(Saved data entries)
■ ■ ■

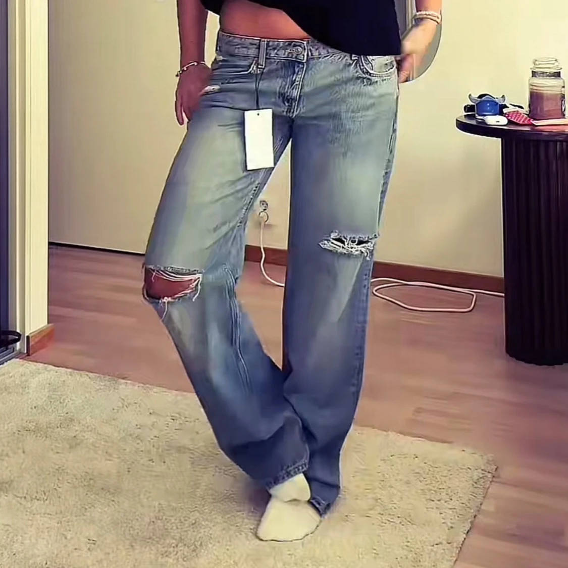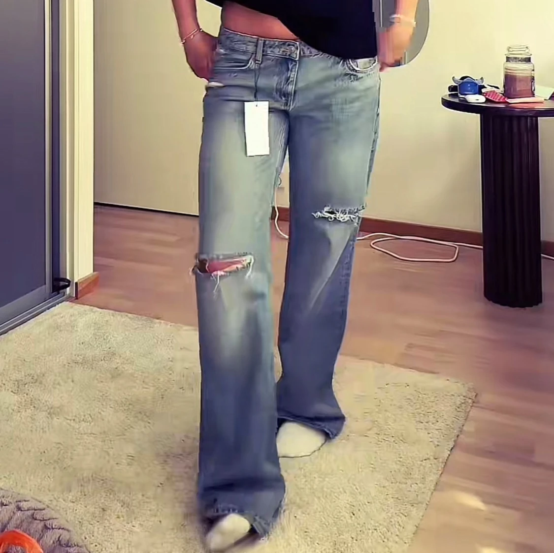 Helt nya och oanvända wide/baggy jeans från zara i strl 34💗💗prislapp finns kvar, hon på bilden har strl 40 och är 168cm lång🌸🌸 Jag behöll strl 36 och säljer nu strl 34 då jag ville ha de mer baggy, jag har vanligtvis 32/34 och xs/s i jeans, är 160 lång💗💗
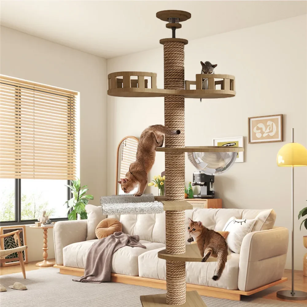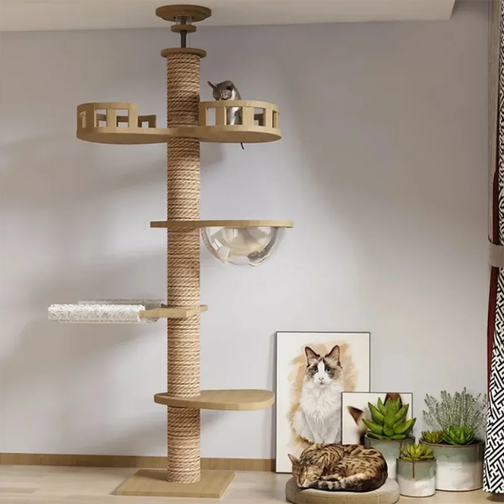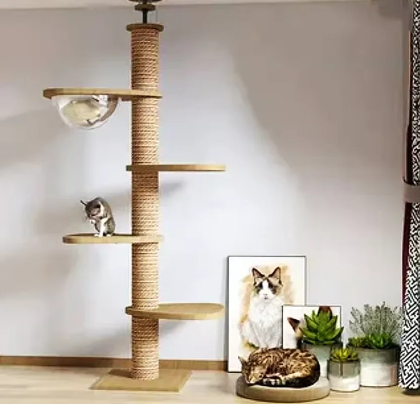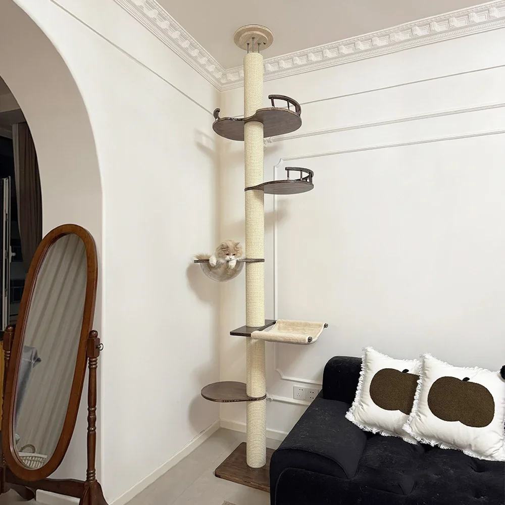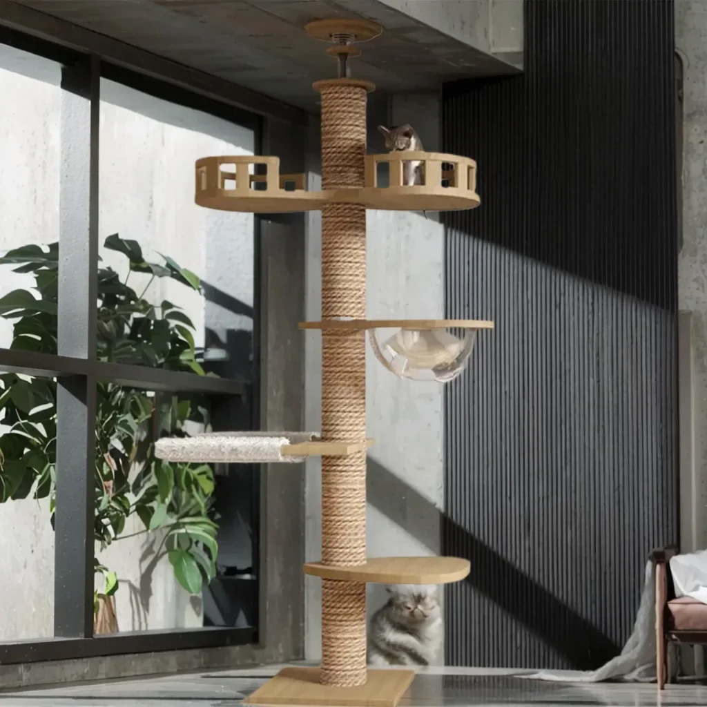The wooden structure is combined with natural elements to present a simple, raw wood style that is suitable for a variety of interior decorations. The stable floor-to-ceiling design saves space, the sisal material is wear-resistant and durable, and the wooden frame has strong load-bearing capacity, combining safety and aesthetics.
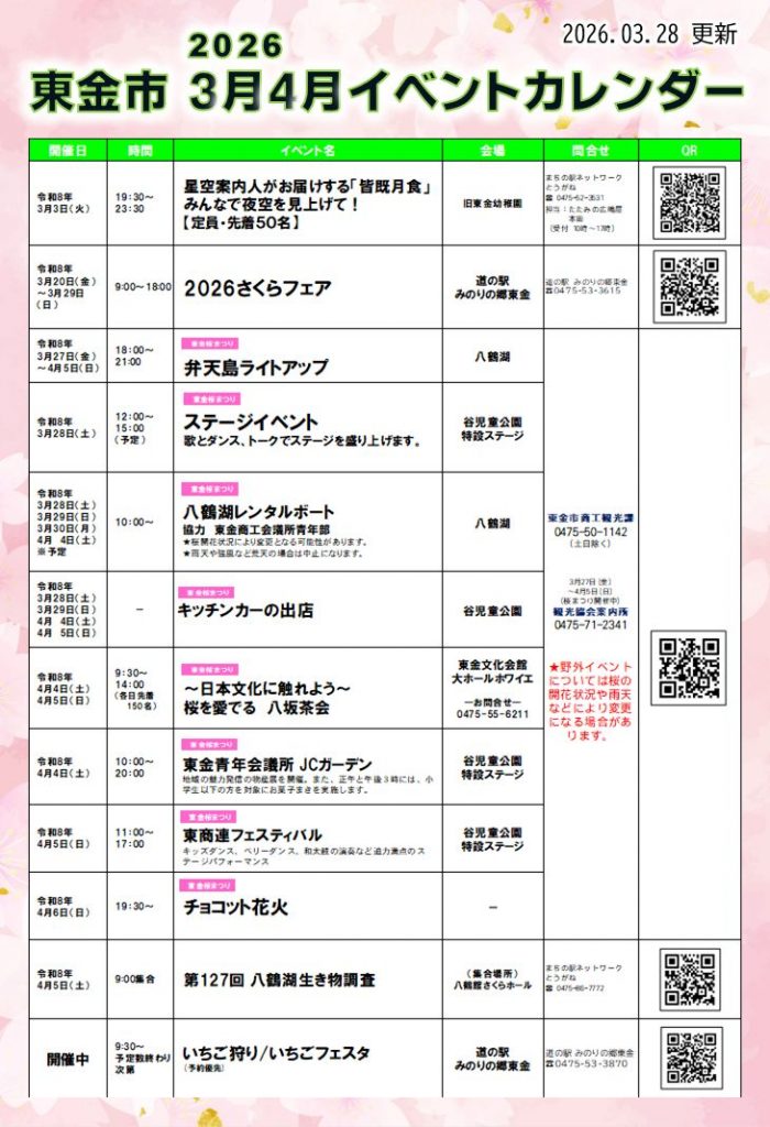 2026.02.28🌷2026年3月🌷イベントカレンダー掲載しました。 公開日: 2026年2月28日 | 投稿者: 指導課 令和3年2月東金市イベント情報を更新しました。https://www.togane-cci.or.jp/toganecity_event_calendar/
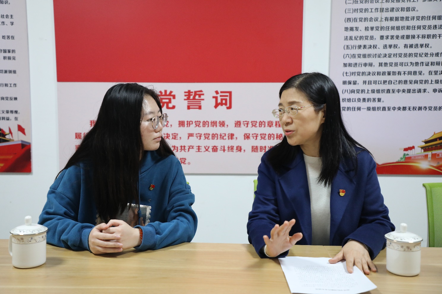 金顺南副书记(右)与刘雅玲同学(左)亲切交谈
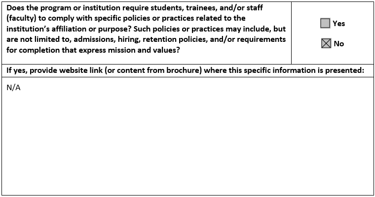 Note: Programs are not required by the Commission on Accreditation to provide all benefits listed in this table
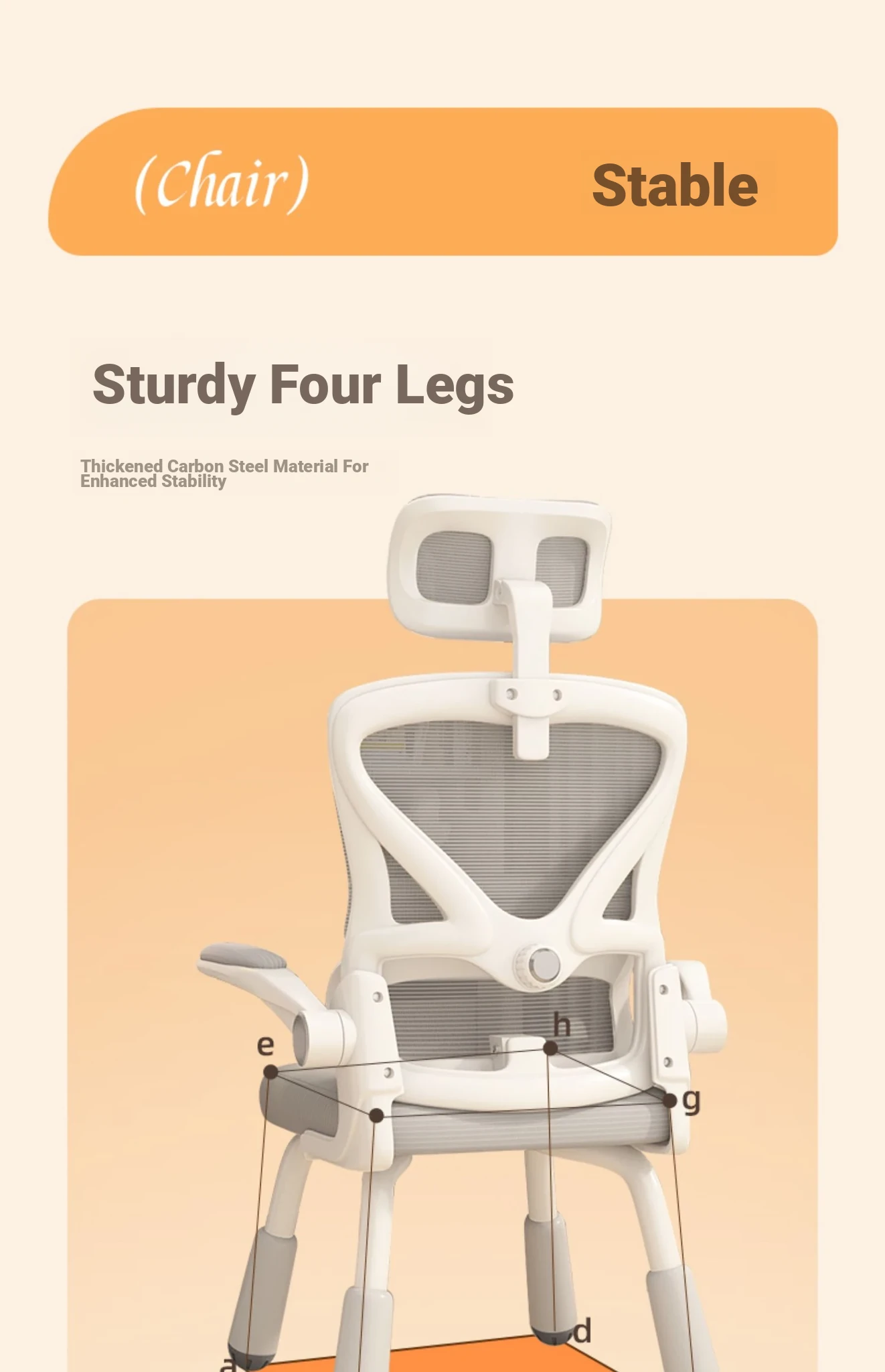 (White frame and gray net) Suspended waist support, thickened sponge cushion, firm and bold Adjustable legs
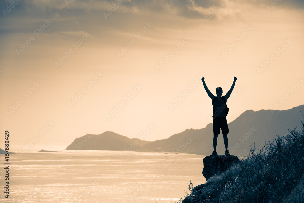 Victory, winning, adventure, goals concept. Man standing on mountain with arms in the air celebrating.
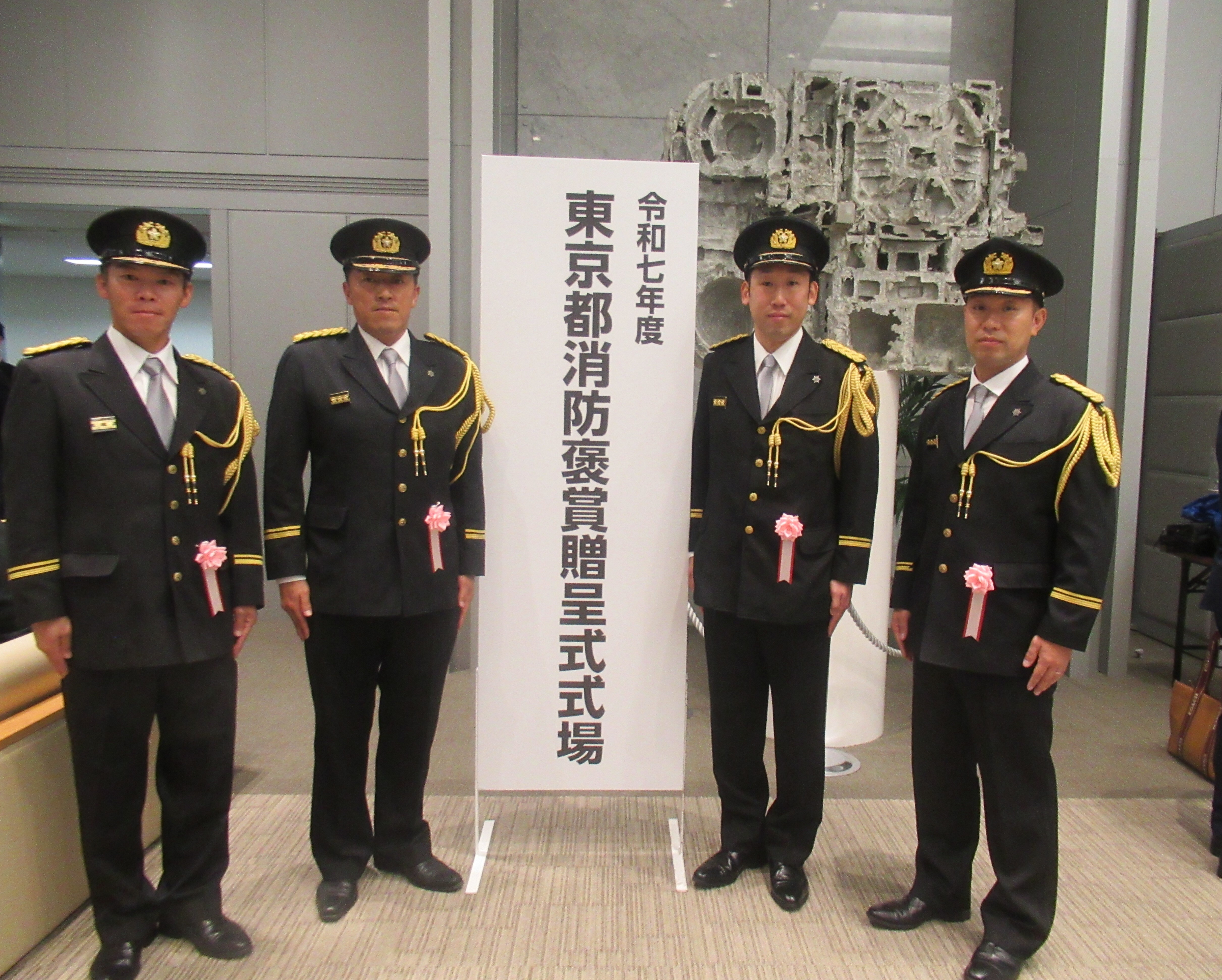 この式典の中で、岸 徹氏(第4分団分団長)、土屋 宏貴氏(第7分団分団長)、森屋 雄太郎氏(第5分団分団長)、加藤 友紀氏(第4分団副分団長)が長年にわたる献身的な活躍と数々の功績が認められ、東京都消防褒賞を受賞しました。

■ ■ ■

:: Work task ::
Your copy must repeat the data word for word and show none of its images.

:: Solved exercise ::
 Helt nya och oanvända wide/baggy jeans från zara i strl 34💗💗prislapp finns kvar, hon på bilden har strl 40 och är 168cm lång🌸🌸 Jag behöll strl 36 och säljer nu strl 34 då jag ville ha de mer baggy, jag har vanligtvis 32/34 och xs/s i jeans, är 160 lång💗💗
The wooden structure is combined with natural elements to present a simple, raw wood style that is suitable for a variety of interior decorations. The stable floor-to-ceiling design saves space, the sisal material is wear-resistant and durable, and the wooden frame has strong load-bearing capacity, combining safety and aesthetics.
 2026.02.28🌷2026年3月🌷イベントカレンダー掲載しました。 公開日: 2026年2月28日 | 投稿者: 指導課 令和3年2月東金市イベント情報を更新しました。https://www.togane-cci.or.jp/toganecity_event_calendar/
 金顺南副书记(右)与刘雅玲同学(左)亲切交谈
 Note: Programs are not required by the Commission on Accreditation to provide all benefits listed in this table
 (White frame and gray net) Suspended waist support, thickened sponge cushion, firm and bold Adjustable legs
 Victory, winning, adventure, goals concept. Man standing on mountain with arms in the air celebrating.
 この式典の中で、岸 徹氏(第4分団分団長)、土屋 宏貴氏(第7分団分団長)、森屋 雄太郎氏(第5分団分団長)、加藤 友紀氏(第4分団副分団長)が長年にわたる献身的な活躍と数々の功績が認められ、東京都消防褒賞を受賞しました。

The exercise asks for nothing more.